Shlain shrugged but continued to stare off into nowhere. “Hanged him. Right in front of my ma. She never was the same after that. None of us were.” He took another long drag. “When I finally turned seventeen, I hauled my ass to the Democrat Army recruitin’ station to make sure I could kill me some Republicans.” He smiled at me then, feeding me back my own words. “But we both know how the Republican and Democrat armies were. So here I am.” He flicked the cigarette butt away and jerked his chin to encompass Wright and Burke. “So here are we all. Ask a hundred soldiers, you’ll get a hundred fucking stories all the same.”

He wrapped one arm around my shoulder in an affectionate show that he normally saves for the dark when no one’s watching. “You have us now,” he smiled sadly. Maybe he’s right. We all have lost our families, one way or the other, either in the war or to our decisions. Maybe that’s why it’s never talked about.
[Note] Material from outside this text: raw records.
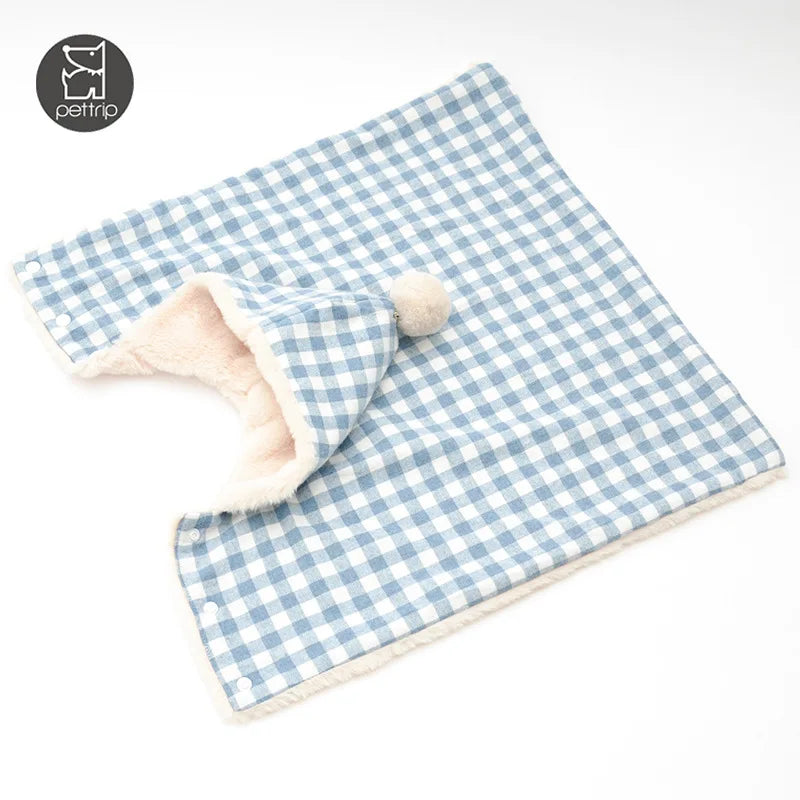 New Winter Plaid Pet Blanket Dog Sleeping Bag Cat Cloak Pet Coat Warm Coat Hooded Cloak Dog Coat Can Be Fixed To Prevent Falling
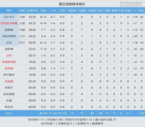 伦纳德首发出战29分钟,投篮9中3,三分5中1,罚球3中3,得到10分4篮板2助攻1抢断1盖帽,正负值-25全场最低。哈登同样首发出战29分钟,投篮12中5,三分9中2,罚球4中3,得到15分3篮板11助攻,正负值-21全场第二低。
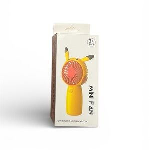 Pikachu like handheld mini fan. Cute yellow mini fan with playful ears. Perfect for cooling.
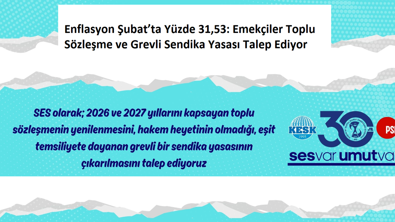 Sağlık ve Sosyal Hizmet Emekçileri Sendikası Genel Merkezi, şubat ayında aylık enflasyonun yüzde 2,96, yıllık enflasyonun ise yüzde 31,53 olarak gerçekleştiğini açıkladı. Sendika, 2026–2027 toplu sözleşmesinin yenilenmesini ve grev hakkını içeren eşit temsiliyetli bir sendika yasasının çıkarılmasını talep etti.
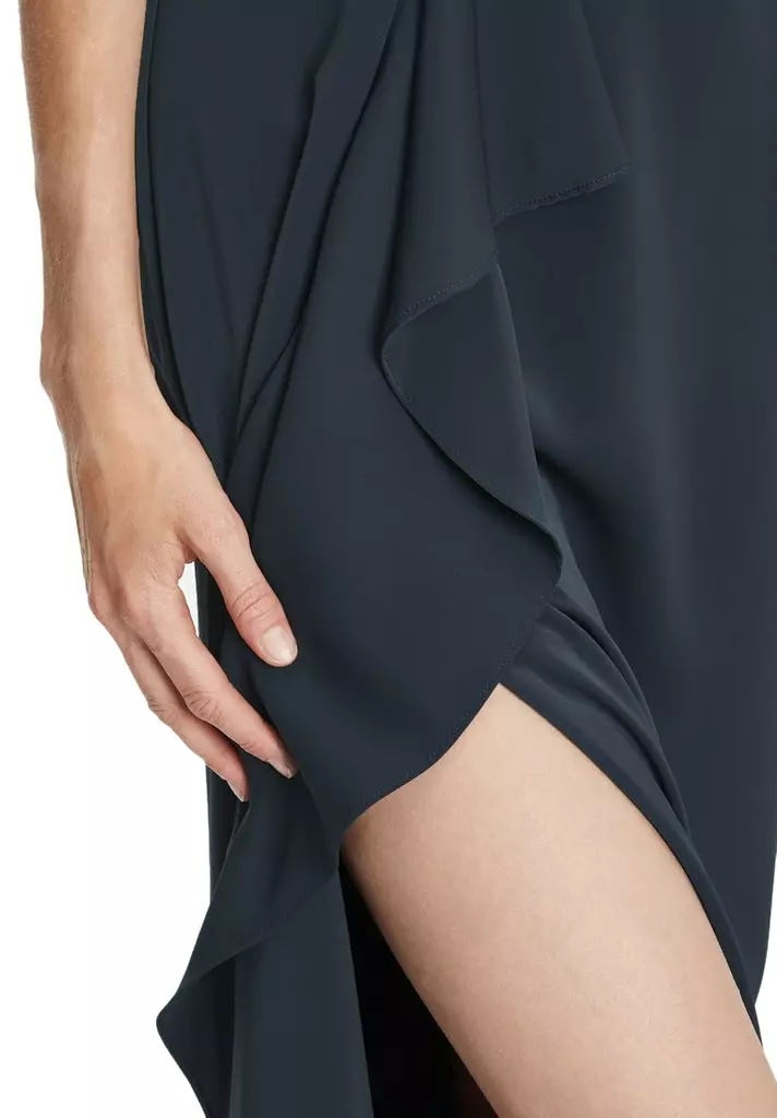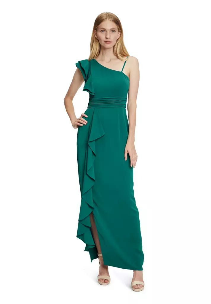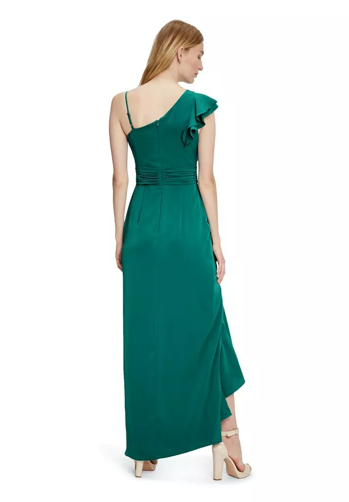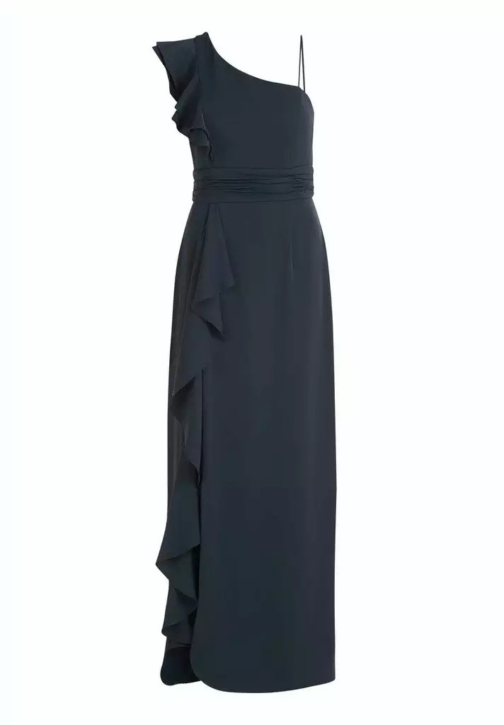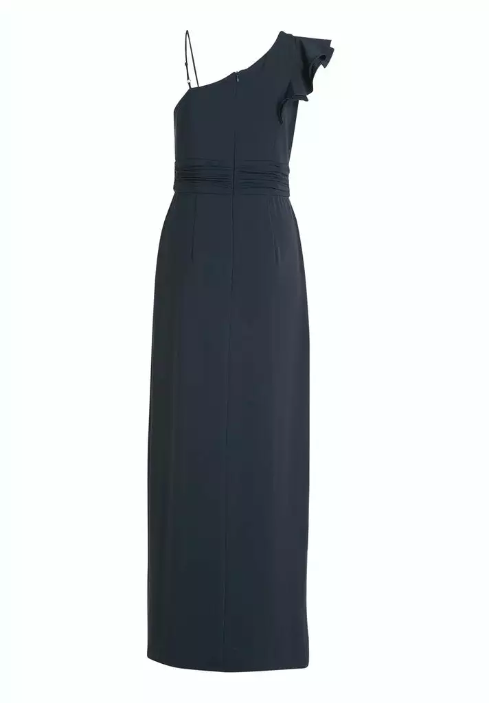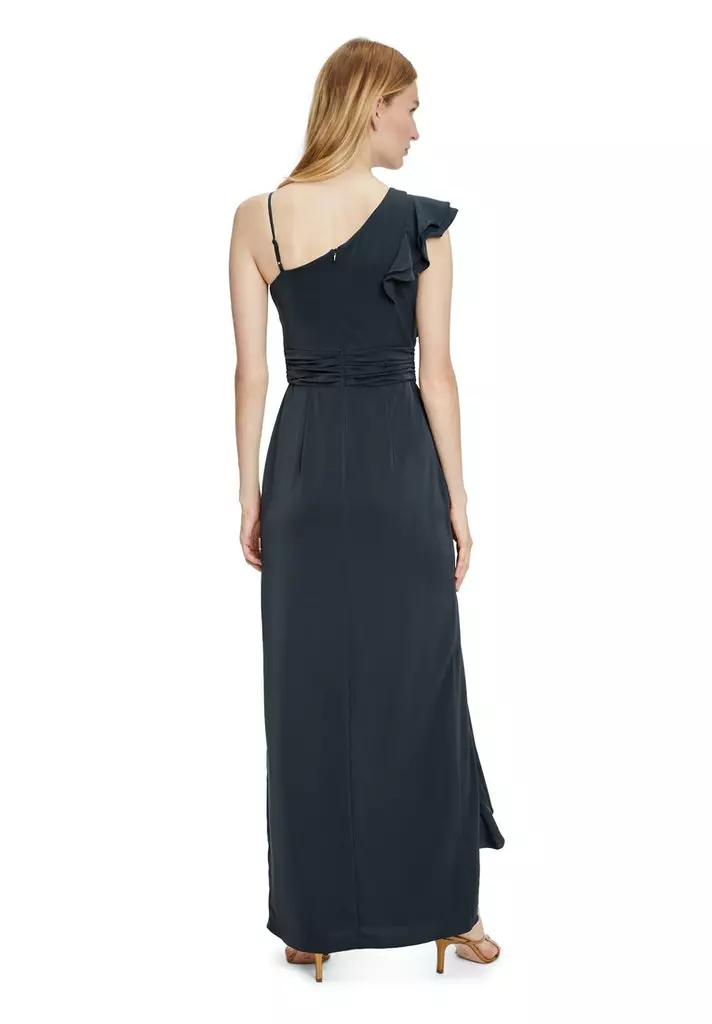 Prachtige avondjurk met ruffles aan de zijkant. Een asymetrische mouw,getailleerde taille en de split maken deze jurk tot een absolute parel!
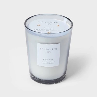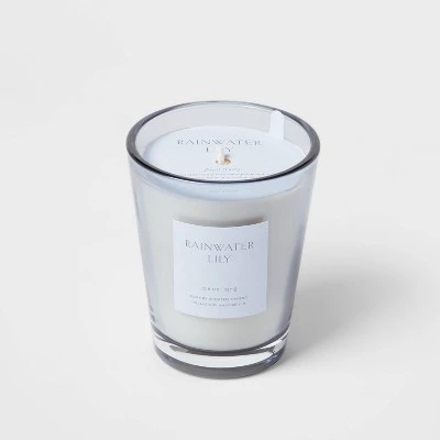 Elevate your space with this Colored Vase Glass with Dustcover Rainwater Lily Candle Gray – Threshold™. It features rainwater lily with notes of succulent peach to infuse your surroundings with a soothing scent. The glass vase adds a touch of elegance to any room. Whether you’re unwinding after a long day or setting the mood for a special occasion, this Colored Vase Glass with Dustcover Rainwater Lily Candle Gray – Threshold™ creates a relaxing ambiance.
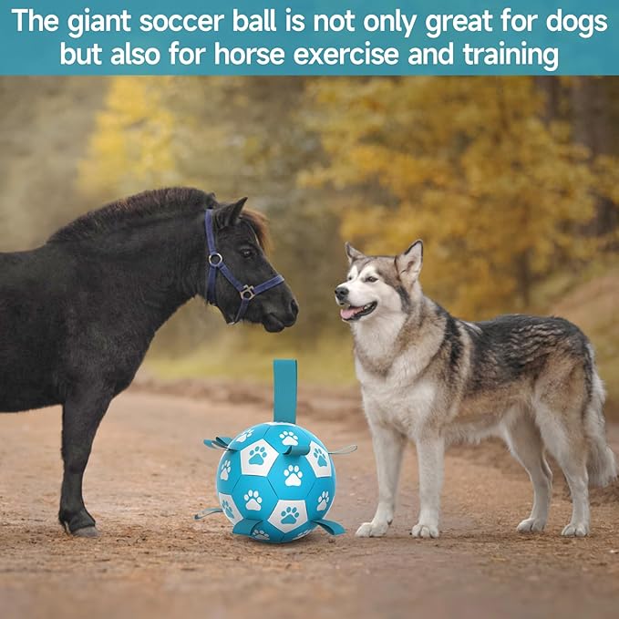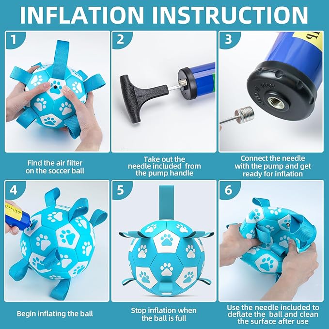 • ⚽Pump & Needle Adapter Included: The herding balls for dogs come deflated. There's a needle point adapter and a pump inside as well while other items in the same market only include a ball needle. The soccer ball dog toy is 9 inches in diameter, perfect for small medium breeds, not for aggressive chewers.
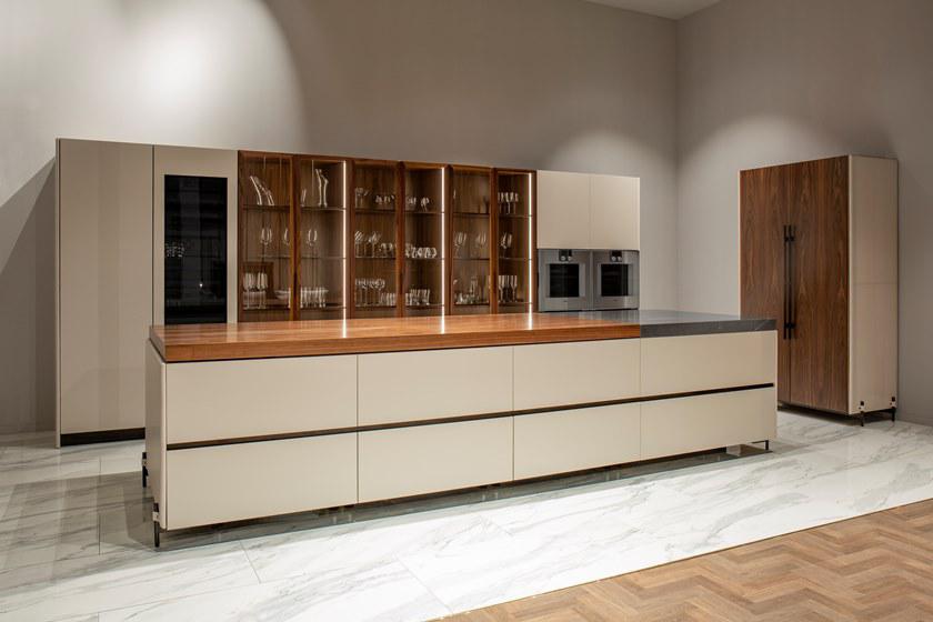 V888 Kitchen Island cm 390x120x94h Materials: Cuoio leather on the sides, canaletto walnut veneer and Grey Pulpis marble for the top. Lacquered drawers with cuoio leather details on tone. Metal legs in titanium color finish but also available in any RAL color. Back cabinet cm 520x65x220h Materials: Cuoio leather, blockboard wood, canaletto walnut veneer, blum mechanisms, Salice hinges, brushed glossy paint, lacquered wood in any RAL color and also matching with cuoio leather tones. Metal fittings Titanium color finish but also available in any RAL color. V242/S Bar stool cm 43x65x89h or 104h Materials: Cuoio leather, fabric art spiga, metal frame Titanium color finish but also available in any colori

Wright crouched down next to us and ran one hand over my neatly shaved head, his skin of his palm rasping against the stubble. “Who needs family anyway when you have you’re squad.”

“Minus one,” interjected Burke as he jerked his thumb to indicate Johnson. Nobody wanted him.

I wanted to smile, to be grateful. I wanted to say I only needed them, that Wright’s right, who needs a family that abandons you when things go a little wrong. But it’s never that easy. I just can’t forget the warm afternoons when my mom would read to us on the porch, or watching my father put up yet another lopsided shelf that books would inevitably slide off of. I can’t forget the summer nights you and I would lay awake in those freshly cleaned sheets, sneaking small secrets about God knows what. I may appear to everyone that I was born into The Generals Army, that I had hit the ground running with a pack on my back and no past to speak of, but I didn’t, and I can’t escape that.

I glanced up at the three soldiers crouched down beside me. These men accept me as an infantry man and soldier. We’ve become each others family, best friends. I took a deep breath and steadied myself. Pushing off my knees with my palms I stood up, shoving everything else down into that box deep inside myself where I hide everything I don’t want to think about. I can’t afford to cry, I can’t whine or complain or appear weak on any level. That’s my price for being a woman in the infantry. That and the dreams. And now, with all the other memories I can’t bury deep enough, I’ll have the vision of bright green eyes with laugh lines, flashing with betrayal just before death.

“Thata’ girl,” Shlain smiled and patted me on the back.

They seem to love me in their own way. I try to be happy with that.

But still, I wait, every mail call, anxiously standing by the mail sergeant. Because I have to believe you truly haven’t abandoned me to this war, Kat. And I always think, who knows? Maybe you’ll write.